I know some airlines need you to check it in, but I'm not sure if it has to be in a separate bag.
“Can I take my longboard on an airplane with me?”
Yes. Probably. My friends and I have been traveling with skateboards for years and haven’t had a problem bringing skateboards with us. That said, every airline and airport is different. Your mileage may vary.
Preface: In general, you want to be polite and pleasant with airport people. They deal with stressed-out travelers constantly and have the power to really ruin your day, so a smile and a bit of empathy goes a long way. Don’t make their lives difficult and they won’t make your life difficult.
You have options for bringing your skate on board: check it through or carry it on.
Carrying it on is easy. Just carry your board through security and bring it onto the plane with you. If anyone at the security screening gives you guff–sometimes they think your skateboard could be used as a weapon, but the TSA’s page on sporting equipment doesn’t say anything about that and skateboards aren’t on the list of prohibited items–just respectfully tell them the baggage agent told you it was ok to carry the board on.

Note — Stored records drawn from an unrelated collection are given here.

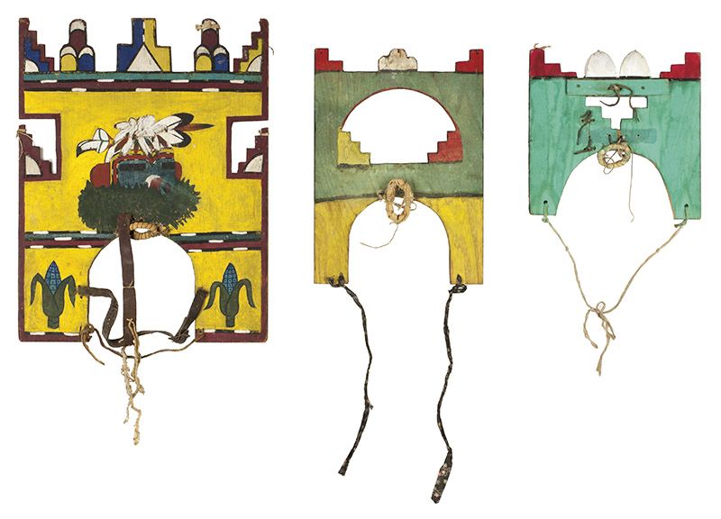 Rio Grande Pueblo | Media: Wood, leather, cloth and string | Dimensions from left to right: 14.5 by 18, 9.5 by 13, 9.5 by 10 inches
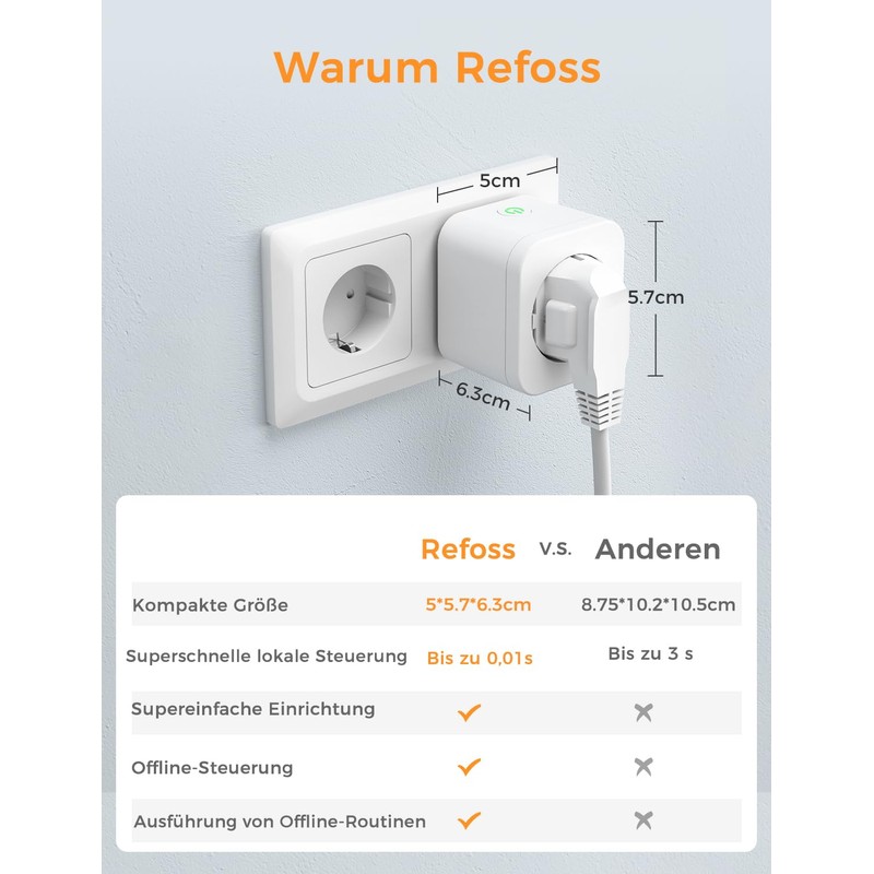 - Power meter for socket: Refoss intelligent socket allows real-time monitoring of the power consumption of your household appliances. With the Refoss app, you have a clear overview of daily, weekly, monthly and annual consumption. (By entering the cost factor per kilowatt hour, the total amount of the electricity bill can be calculated.) In addition, the socket can also monitor the energy generation of your balcony power plant.
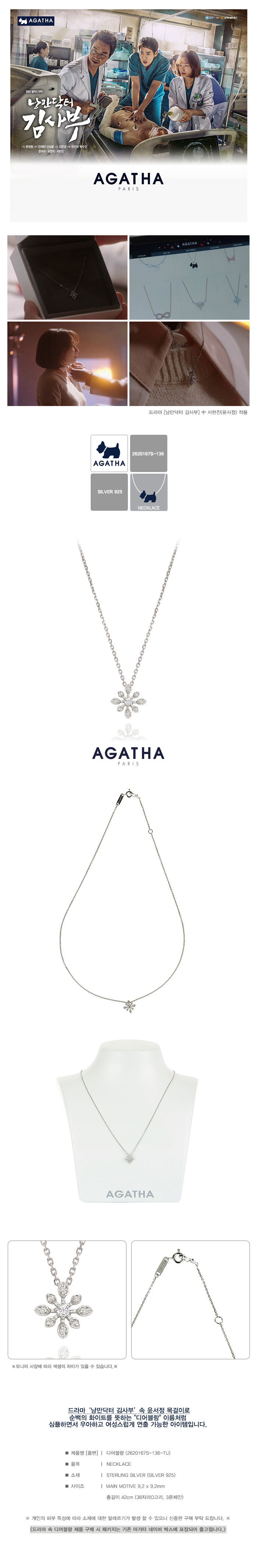 Agatha Necklace 2620167S-136-TU Korea Drama Romantic Dr. Doctor Park Shin Hye Seo HyeonJin's Jewelry

Once you’re at the gate, the agent there might ask you to gate check your board to conserve overhead bin space. Gate checking is free, but if you don’t want to let your board out of your sight you can ask to put it in the coat compartment at the front of the plane. When you’re on the plane, just throw your board wheels-up in the overhead bin and you’re good to go. (note: this advice does not apply to atrocious low-cost carriers like Spirit airlines or RyanAir that charge you to bring a carry-on. Don’t fly with those companies. Spending a little more on the fare can save you money in the long run by avoiding fees at the airport.)

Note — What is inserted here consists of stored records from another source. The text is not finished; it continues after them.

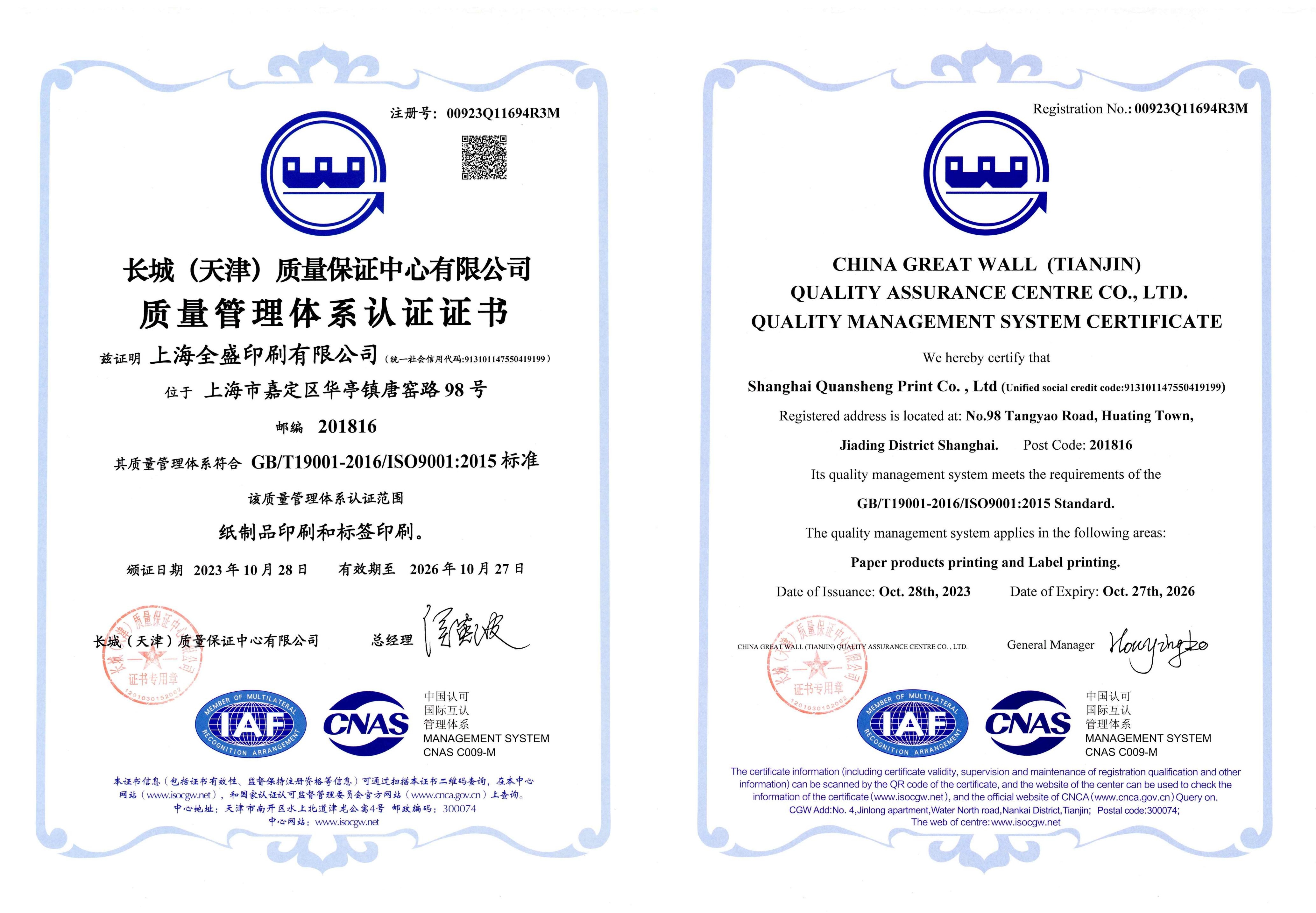 2023月10月,ld官方网站印刷获得ISO9001质量管理体系认证证书。ld官方网站集团结合企业实际情况,建立了一套科学、系统、全面的质量管理体系,有助于企业未来可持续发展。
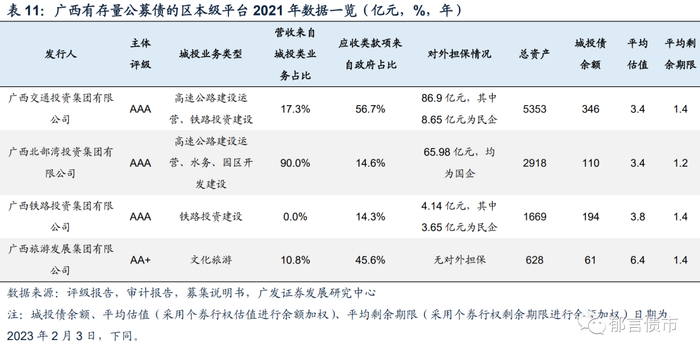 从职能划分来看,区本级5家存量债平台大致可以划分为交通、文旅和国有资本运营三类。交通类平台有3家,分别为桂交投、北部湾投资和桂铁投,桂铁投为桂交投子公司。桂交投和北部湾投资主要负责广西高速公路投资建设运营,截至2022年3月底,两者运营收费公路总里程分别为4794.24公里和1170.19公里,合计约占广西收费高速公路总里程的8成。桂铁投主要负责广西铁路投资建设,还开展大宗物资供应及物流、房地产开发、锰矿采选冶炼及供应等经营性业务。文旅类平台为桂旅游,主要负责广西旅游项目的投资建设和运营,经营三江程阳八寨、贺州紫云洞等多个景区,其子公司广西城建投资集团是广西棚改的“统贷统还”主体。公司存量债平均估值较高,为6.4%。国有资本运营类平台为桂农投,业务涵盖发电、水利投资及运营、糖业和农业等板块,目前仅存续一只2022年6月发行的私募公司债。
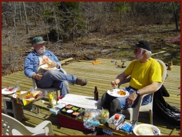 chili). We ate them on the almost-completed deck. Dad and Richard & Byron Dowd ate hotdogs on
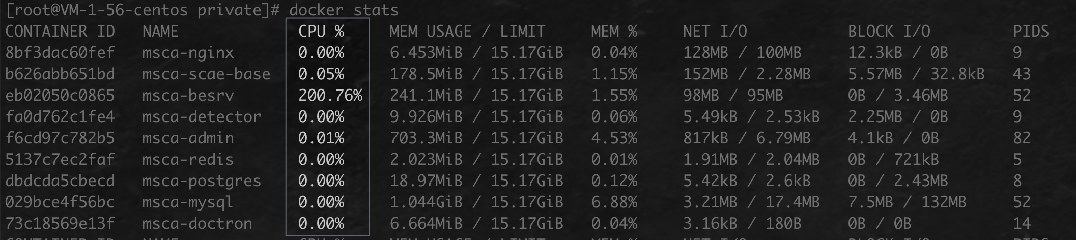 docker stats命令来查看所有容器的资源占用率,并将结果反馈给我们进行排查
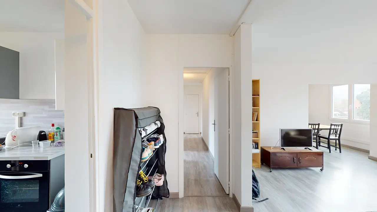Cette colocation de trois chambres s'ouvre sur une grande pièce de vie avec un coin salon et un coin salle à manger. Elle est aménagée d'un canapé, d'un fauteuil, d'une table basse, d'une bibliothèque, d'un meuble TV avec une télévision ainsi que d'une table avec quatre chaises, idéal pour partager des repas entre colocataires.

If you’re planning to carry multiple boards, you’ll want to take the trucks and wheels off and tape the decks together to conserve space.

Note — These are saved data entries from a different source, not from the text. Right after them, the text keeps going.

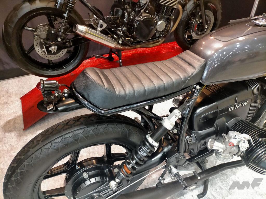 BMW R100RSをベースにカフェレーサーへとカスタムするのは、昔ながらの人気の手法。写真は既存のBMW R100RSカフェレーサーとは一味違った、ミナミモーターサイクルが掲げる「無駄なものを省いてシンプルに!」というコンセプトを貫いた一台に仕上がっている。
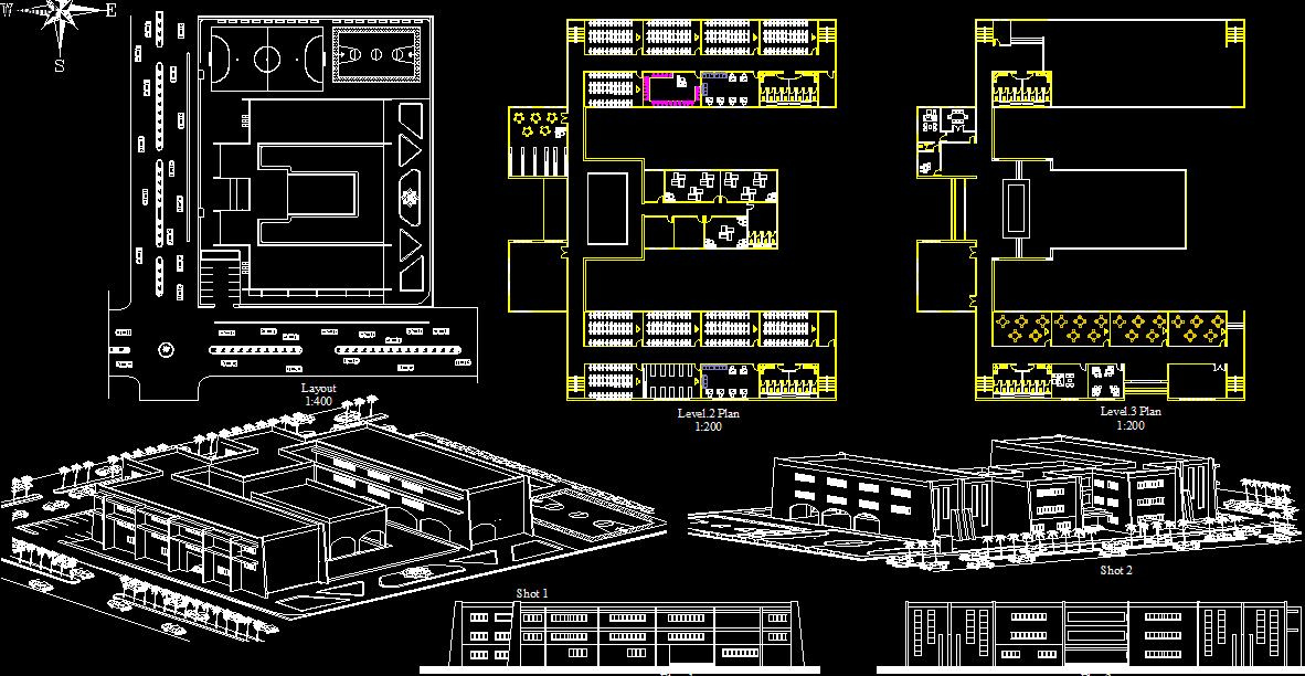 School detailing DWG design includes layout plans of floors 1, 2, and 3 with elevation and 3D views ideal for architects, designers, and civil engineers.
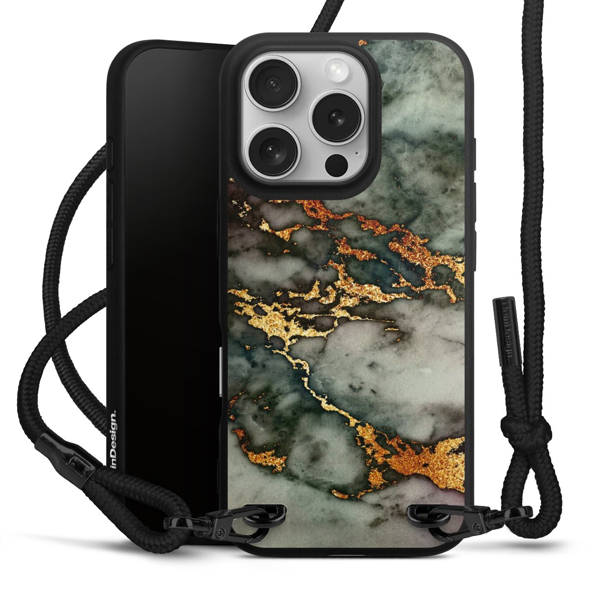 Pure Black: Phone case, fabric strap and metal details in stylish matt black.
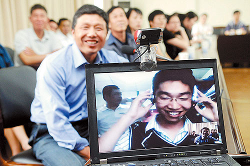 5月19日下午,在四川地震灾区的医务人员赵苗华通过视频看到父亲后开心不已。当日,浙江省余姚市卫生局举行了一场网络视频见面会,余姚市第五批15位赴四川青川县地震灾区的医务人员通过一条细细的“亲情线”与家属进行了网络视频“见面”。陈斌荣摄(新华社发)
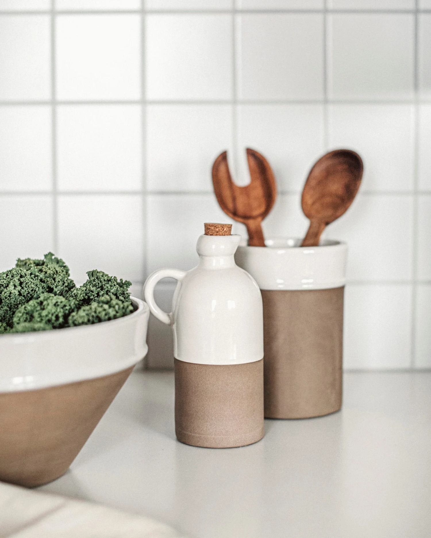 Stilvolle Servierschale aus teilweise glasiertem Natursteinzeug. In der gleichen Serie gibt es eine stilvolle Flasche für Öl/Essig und einen praktischen Halter für Utensilien.
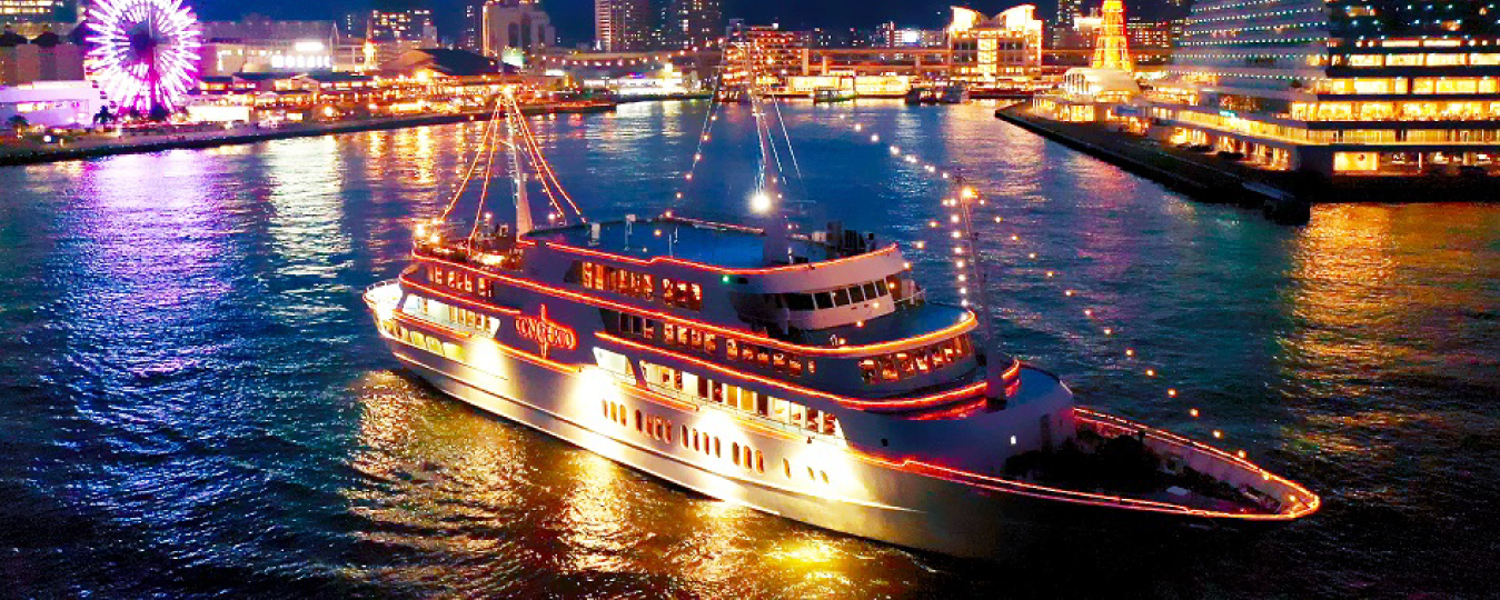 1. Với Dinner Cruise, du khách có thể ngắm cảnh đêm Kobe và cảng Kobe lúc lên đèn.

I travel with way too much camera gear, so I always check my skate gear through. You’re going to want a bag big enough to fit your board inside (Sector 9 and Decent Hardware make good board-specific bags, and golf bags are good if you’re on a budget), as TSA agents sometimes get sticky fingers and some friends of mine have lost boards on the outside of their bags. To avoid costly surprises at the airport, check your airline’s baggage policy before you leave and make sure your bag is within the size and weight requirements.